Return the listing below exactly as it stands. Pictures stay out.

The data START

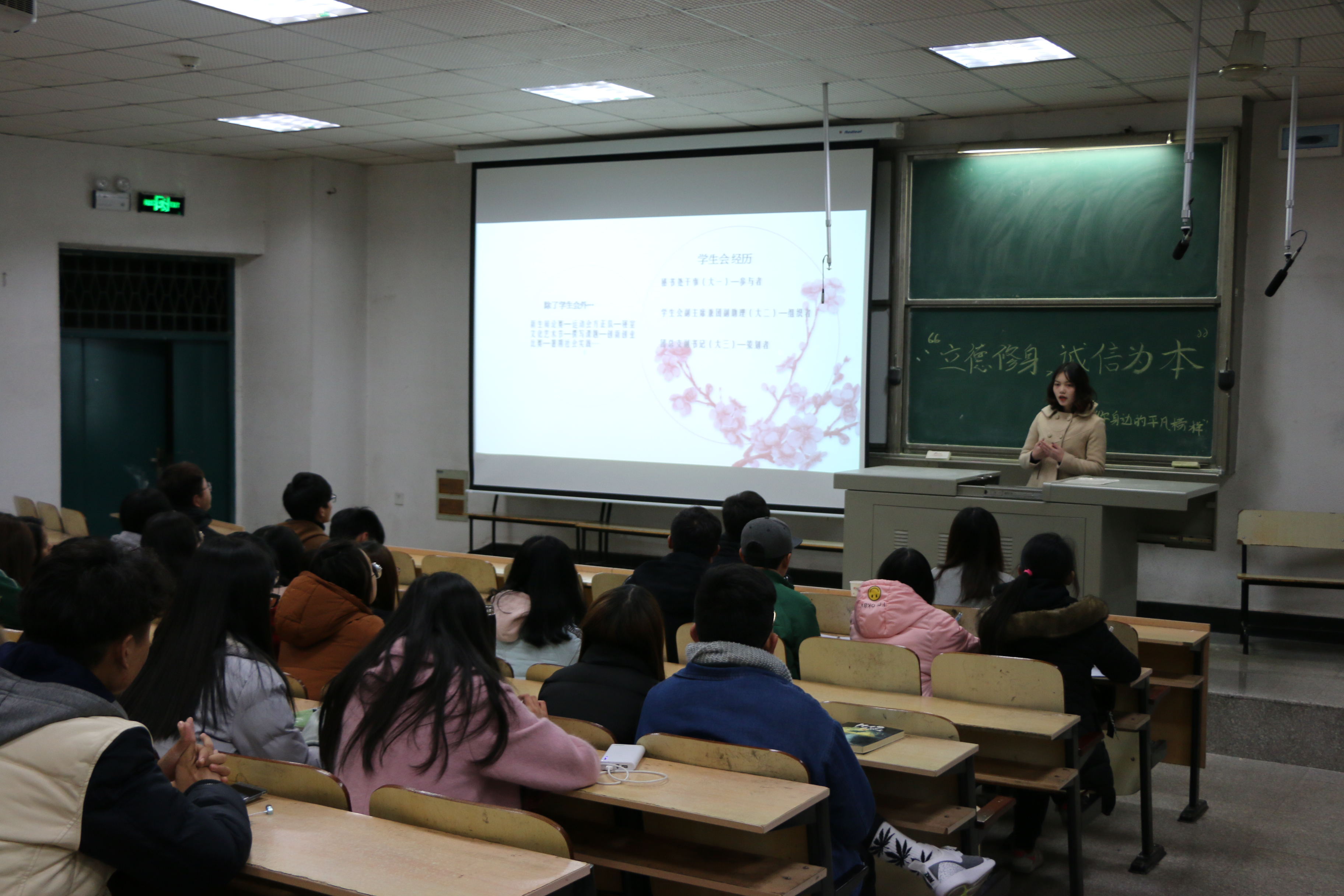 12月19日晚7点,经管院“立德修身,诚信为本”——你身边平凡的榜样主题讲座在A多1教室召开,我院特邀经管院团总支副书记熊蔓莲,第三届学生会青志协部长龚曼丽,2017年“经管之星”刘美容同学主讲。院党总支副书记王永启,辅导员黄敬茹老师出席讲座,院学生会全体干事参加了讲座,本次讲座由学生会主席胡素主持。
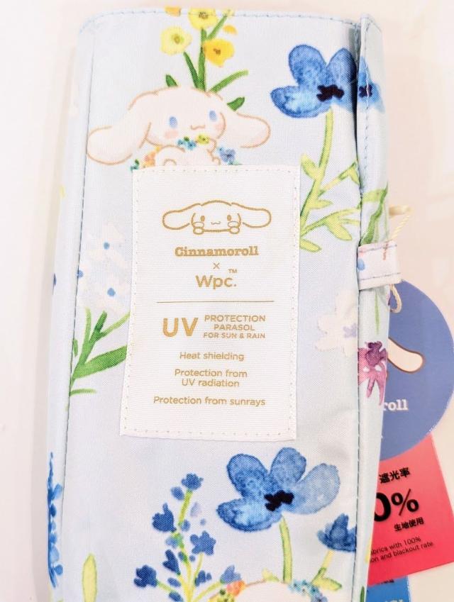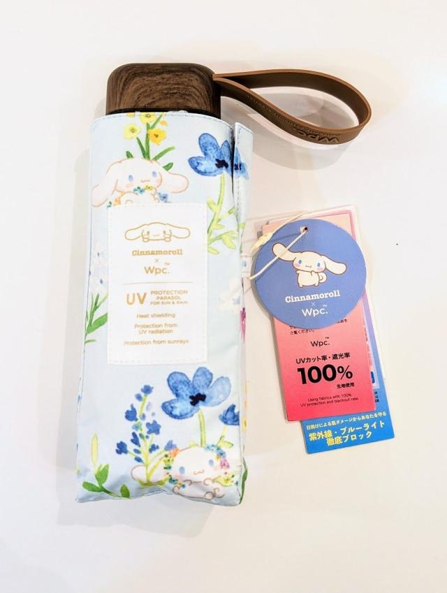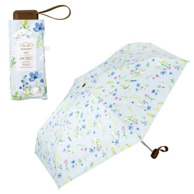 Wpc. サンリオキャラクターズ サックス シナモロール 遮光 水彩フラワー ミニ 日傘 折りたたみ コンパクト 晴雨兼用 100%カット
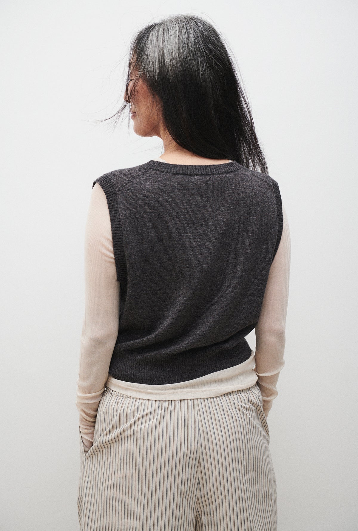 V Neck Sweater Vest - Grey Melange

The data END

Completed exercise ::
 12月19日晚7点,经管院“立德修身,诚信为本”——你身边平凡的榜样主题讲座在A多1教室召开,我院特邀经管院团总支副书记熊蔓莲,第三届学生会青志协部长龚曼丽,2017年“经管之星”刘美容同学主讲。院党总支副书记王永启,辅导员黄敬茹老师出席讲座,院学生会全体干事参加了讲座,本次讲座由学生会主席胡素主持。
 Wpc. サンリオキャラクターズ サックス シナモロール 遮光 水彩フラワー ミニ 日傘 折りたたみ コンパクト 晴雨兼用 100%カット
 V Neck Sweater Vest - Grey Melange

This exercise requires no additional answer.